There is some level of dissatisfaction among employees as far as the company policies are concerned. There are few employees that feel the policies lack transparency and thoughtfulness. It is a very difficult task to keep all the employees satisfied with the policies as some discrepancies do occur from time to time. In order to tackle this problem the company can have frequent discussions with those employees having some complaints about the policies and then attempt to make the policies a bit more flexible to suit the employees needs but not at the cost of compromising the companys vision and ethics

The companys strength lies in the strong relation between the supervisors and subordinates. To continue this positive endeavour the company should ensure that such relationships are constantly reviewed and assessed. The company should hire people with caution and ensure that the new hire doesnt disrupt the peace and work culture of the organisation. Superiors can create a friendly environment by taking their team out for lunch or a movie and creating a relaxed work environment. The employees shouldnt be pressurized to the extent that they feel frustrated and resentful. Thus, relationship building should be continuously worked upon.
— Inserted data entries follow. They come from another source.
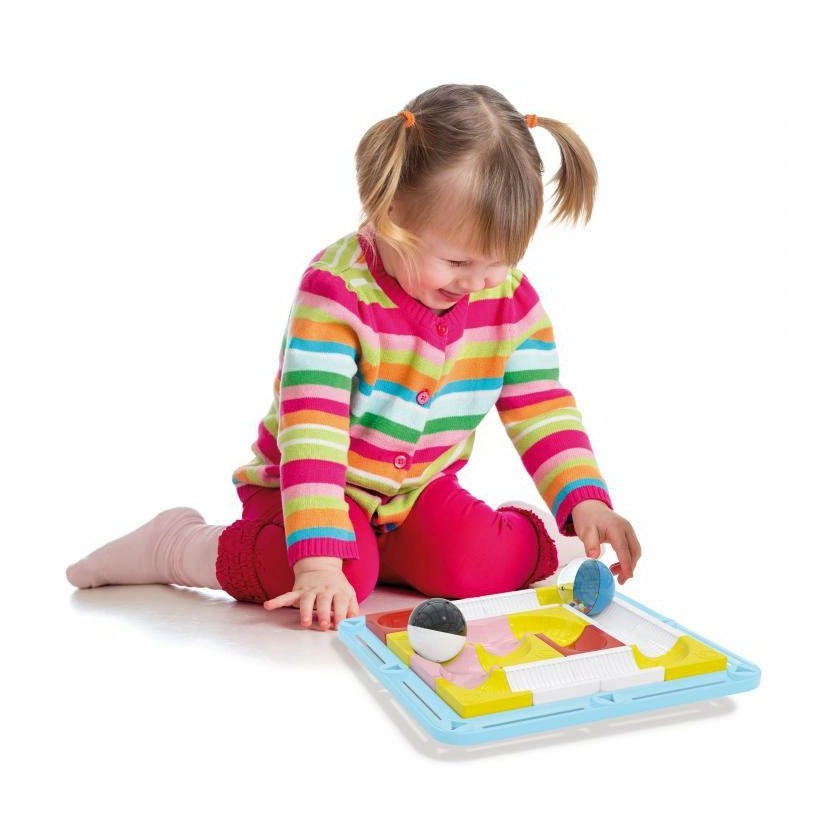 Vodenje kroglic preko ovir izboljšuje prijem, natančnost gibov in koordinacijo oko–roka pri najmlajših.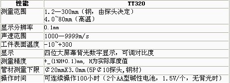 功能特點(diǎn): 1、具有高溫測試功能,測量工件表面溫度可達(dá)300度; 2、設(shè)有耦合提示、低電壓提示; 3、關(guān)機(jī)方式:手動(dòng)和自動(dòng)關(guān)機(jī)等功能(無操作三分鐘后); 4、最小值捕捉:可選擇顯示當(dāng)前厚度值或最小厚度值 5、數(shù)據(jù)存儲(chǔ):可存儲(chǔ)500個(gè)測量值和5個(gè)聲速值 6、聲速可調(diào):可利用已知厚度試塊測量聲速,數(shù)字式超聲波測厚儀,可以測試不同的高溫材料; 7、增益設(shè)置:具有高低增益設(shè)置功能 8、公英制轉(zhuǎn)換:可選擇mm或inch 9、背光顯示功能,適合在光線不好的環(huán)境中進(jìn)行測量。
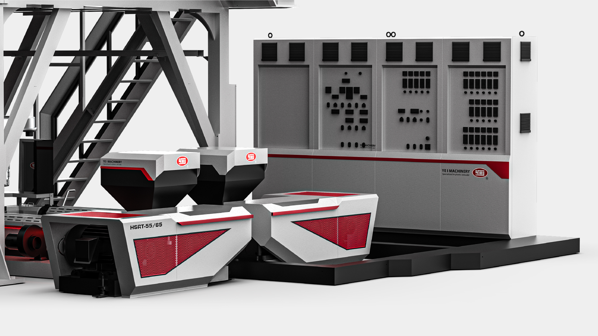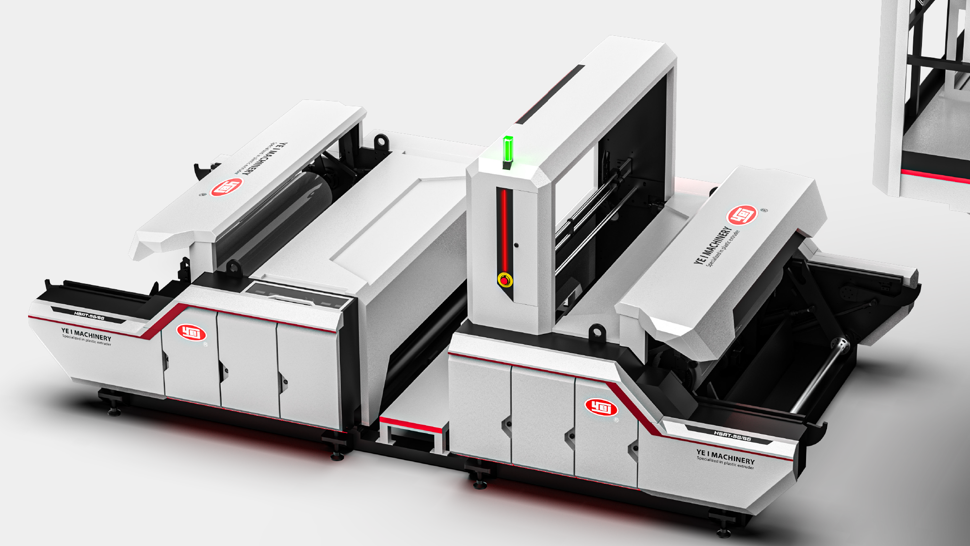 本專案不僅是一次設備外觀的翻新,更是將一億機械長期深耕的「節能減碳」品牌靈魂,透過形碩設計的視覺語彙進行實體化演繹 。在 HSRT 系列的開發過程中,我們挑戰了傳統吹膜設備沉重、生硬的刻板印象,改以極具動能感的幾何鈑金與性能視覺化燈態,重新定義了高階機種應有的國際姿態,這不僅是吹膜機造型的進化,更是協助企業在循環經濟的浪潮中,成功建構出不可替代的品牌核心識別力,在國際舞台上昂首邁向綠色科技的新紀元。

When the employees were asked about how long they would like to work for the organisation 43% (13 out of 30) plan to work in the organisation for less than two years. This is not a very good sign as it indicates that the employees are not happy with the growth opportunities offered by the company and are also quite dissatisfied with the salary paid to them. The company should look into similar areas that are causing employees wanting to leave the company in a short duration. Talent is very precious as a lot of efforts have been put into the honing and development of existing talent in the company. Thus, the company should review its retention policies and identify further areas causing dissatisfaction among employees so that top talent can be effectively retained for a longer duration in the company.